-- Data section follows --

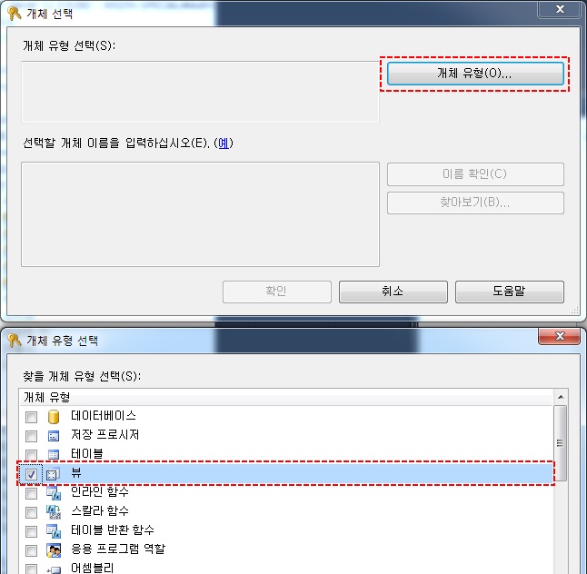 보안 개체를 선택하신 후 검색버튼을 클릭하시면 개체 추가화면에서 특정 개체를 선택 후 확인을 클릭합니다.
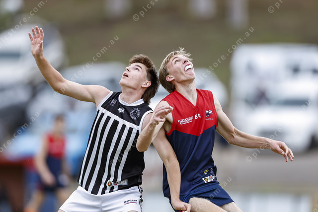 Noah Schulz and Henry Hunter lock up in a ruck duel. (484423_07)
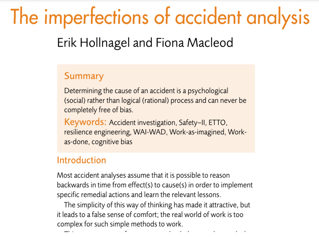 Ref: Hollnagel, E., & Macleod, F. (2019). The imperfections of accident analysis. Loss Prevention Bulletin, 270(3), 2-6.
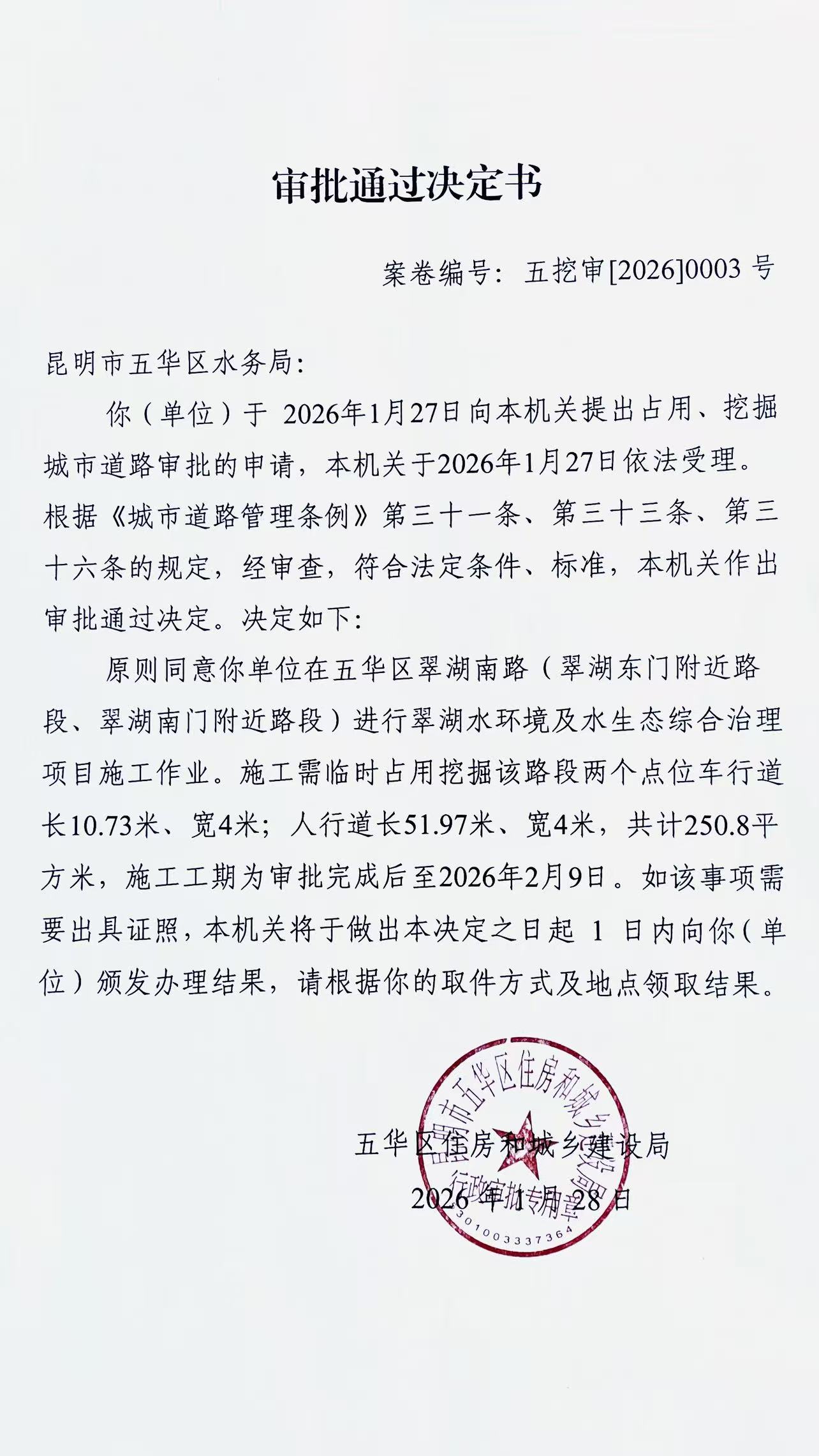 审批通过决定书(五挖审【2026】0003号
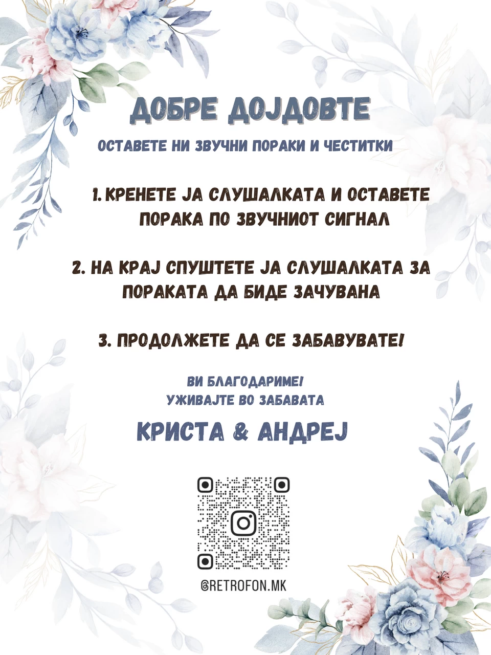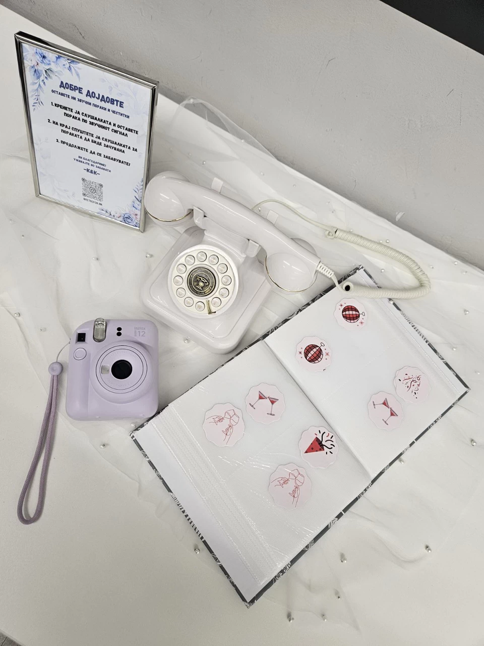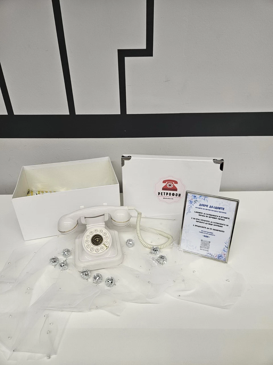 Основниот пакет вклучува само ретрофон и рамка со постер и персонализација – дизајнирана во консултација со младенците. Сепак , имаме дополнителни опции како украсни рамки, персонализирани пораки , картички со прашања , и други декоративни детали што може да ги додадеме за уште поголем ефект.

-- Data section concluded --

▶ [Prompt]:
Each line from the first line of the listing above through the line containing "审批通过决定书(五挖审【2026】0003号" is to be written out exactly, and the pictures are to be left out.

▶ [Answer section]:
 보안 개체를 선택하신 후 검색버튼을 클릭하시면 개체 추가화면에서 특정 개체를 선택 후 확인을 클릭합니다.
 Noah Schulz and Henry Hunter lock up in a ruck duel. (484423_07)
 Ref: Hollnagel, E., & Macleod, F. (2019). The imperfections of accident analysis. Loss Prevention Bulletin, 270(3), 2-6.
 审批通过决定书(五挖审【2026】0003号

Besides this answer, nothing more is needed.